In questa ricerca artistica l’incontro
col muralismo messicano – soprattutto
coi «tre grandi»: Diego Rivera, José
Clemente Orozco e David Alfaro Siqueiros – è inevitabile, riflettendosi nel
realismo sociale e nel protagonismo dei
diseredati, nel gigantismo figurativo,
nella rappresentazione dei personaggi
popolari, nell’intento pedagogico, nella
capacità di usare la grandezza propria
del murale per conferire al contadino,
al martire, alla donna, spesso dimenticati, la «grandezza» e la dignità dell’essere fatti a immagine e somiglianza di
Dio.
Gli ar tisti,
il popolo, le contestazioni
La tensione ideale si rivela anche nel
metodo con cui gli artisti realizzano le
opere: la prima fase è sempre dedicata
alla conoscenza del territorio attraverso
incontri collettivi e chiacchierate individuali con la gente del quartiere che frequenta la chiesa. Il coinvolgimento della popolazione, infatti, contribuisce in
misura decisiva a far emergere nel murale i bisogni e i valori del luogo. Inoltre
nell’opera d’arte essa deve poter ricono-
scere la propria storia e la propria fede,
per cui i temi da rappresentare vengono decisi e sviluppati nel confronto coi
fedeli, il che a volte comporta pure l’accantonamento di idee iniziali o la cancellazione-sostituzione di parti già dipinte. Così l’opera diventa a tutti gli effetti «collettiva»: essa nasce dalla comunità, dall’ascolto dei racconti delle persone più umili, dall’osservazione delle
facce degli operai e dei contadini che
rientrano da una giornata di lavoro,
dalla discussione con gli agenti di pastorale. Anche qui il «pittore», come il teologo, della liberazione mette la propria
competenza al servizio della comunità,
sistematizzandone e traducendone nel
linguaggio simbolico (piuttosto che razionale) l’esperienza di vita e di fede.

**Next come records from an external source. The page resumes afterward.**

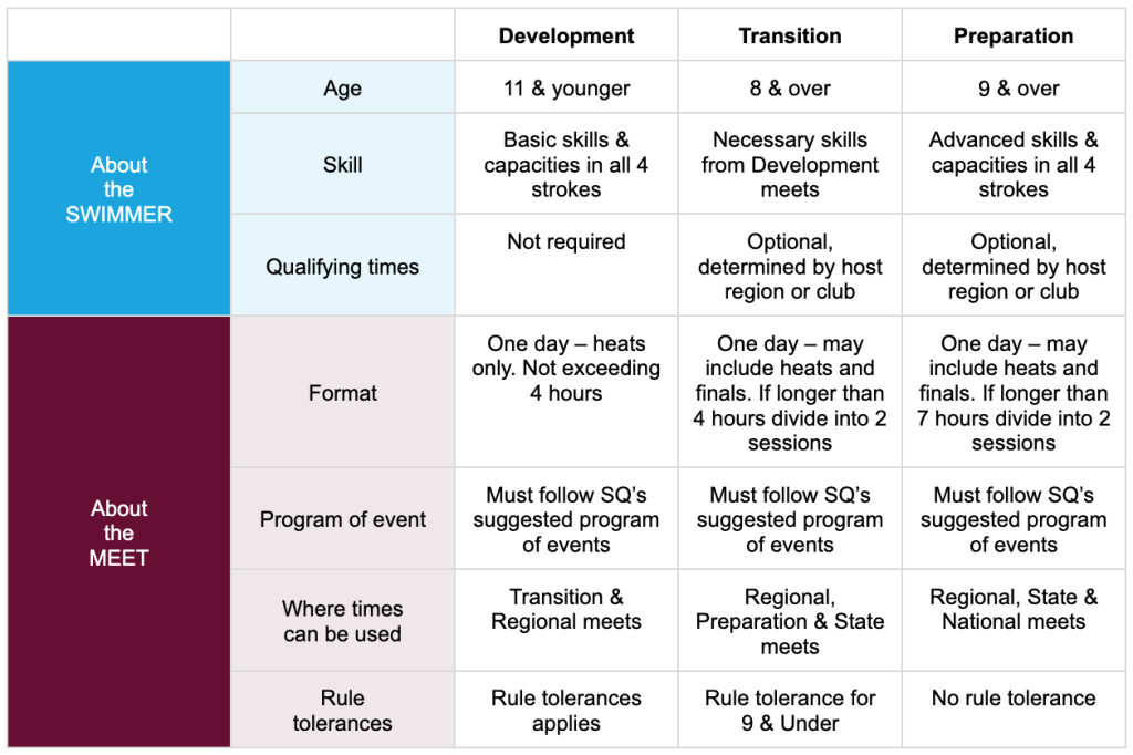 Swimming Queensland classifies competitive meets into three categories: Development, Transition, and Preparation. Each meet type has different requirements, tailored to the needs of swimmers and host clubs. Here’s a quick overview of the different meet types: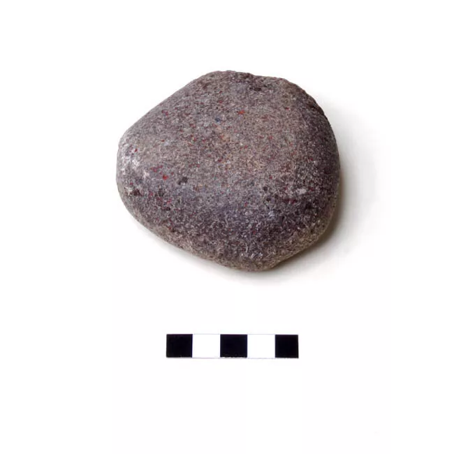Artefacto fumatorio elaborado en piedra usado en contextos de ritualidad ceremonial, política y/o social de la Cultura Mapuche. Pipa de tipo T invertida, de cuerpo fusiforme, de bordes devastados y redondeados. Su hornilla es globular restringida y sobresale de la sección medial de la pieza, conectando las dos entradas opuesta del tubo de aspiración. Su superficie es pulida de color café sin decoraciones.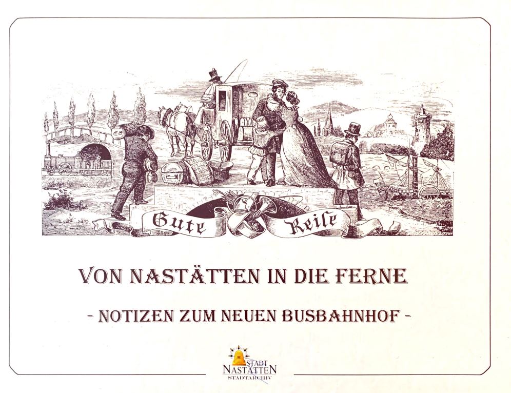 Mit dieser kleinen Broschüre soll die Geschichte „unseres Bahnhofes„ nähergebracht werden. Viele Mitbürger werden sich noch an diese Zeit erinnern oder die Geschichten von ihren Eltern erzählt bekommen haben. Sie halten hiermit ein Stück Zeitgeschichte, auf das wir besonders stolz sein können. Die kleine Broschüre „unseres Bahnhofes“ ist zur Fertigstellung des neuen Busbahnhofes im Jahre 2007 erschienen. Herausgeber: Stadt Nastätten Idee, Gestaltung und Ausführung: Klaus-Dieter Otto Erhältlich im Stadtarchiv-Nastätten gegen eine kleine Spende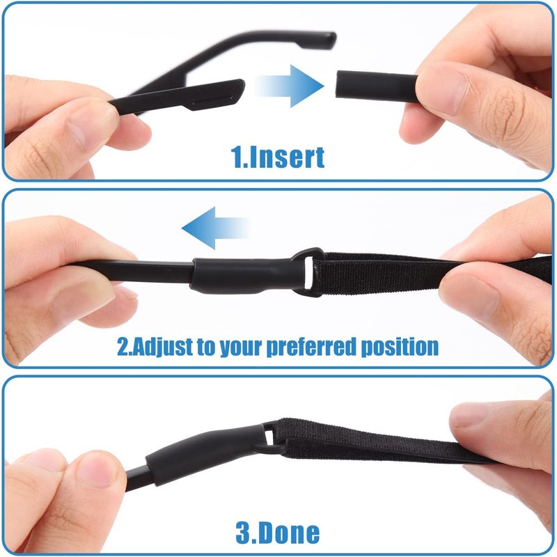- Easy to wear and reusable: After putting on the glasses, insert one of the temple legs into the silicone sleeve, and then finish the other side. Reusable, hand washable, multiple use-use with your glasses every day.

In generale l’artista è egli stesso parte della comunità, di cui condivide il
cammino di fede e, almeno per un certo periodo, la vita quotidiana. E spesso
l’autore dipinge nel pieno della persecuzione (Brasile), dell’aggressione (Nicaragua) e della guerra civile (Colombia), per cui nei quadri entrano personaggi ed eventi dell’attualità (la distruzione di una piccola clinica comunitaria da parte dei trattori di un latifondista a São Felix do Araguaia, le madri
dei giovani soldati uccisi dalla Contra a
Managua ecc.)
Anche quest’arte ha conosciuto il
conflitto e la repressione, nelle minacce
di espulsione e di morte contro p. Cerezo, «prete sovversivo», nelle proteste dei
benpensanti e dei notabili (che, per
esempio, chiesero inutilmente di coprire i murales della cattedrale di Quibdó
considerando un’offesa il ricordo della
schiavitù), nelle critiche e nelle censure
delle autorità ecclesiastiche – previe, in
Argentina, dove il vescovo chiese a p.
Cerezo di non rappresentare armi moderne nel murale dedicato alla pace
nella chiesa di Olivos per non offendere i molti parrocchiani militari; posteriori in Colombia, dove il murale dedicato alla «opzione per i poveri» nella
cappella dell’Istituto di pastorale del
Consiglio episcopale latinoamericano a
Medellín è oggi coperto, come l’intero
ciclo pittorico nella chiesa di Santa Maria de los Angeles, le cui parti d’integrazione plastica sono state in alcuni casi
sostituite – o addirittura nella distruzione delle opere.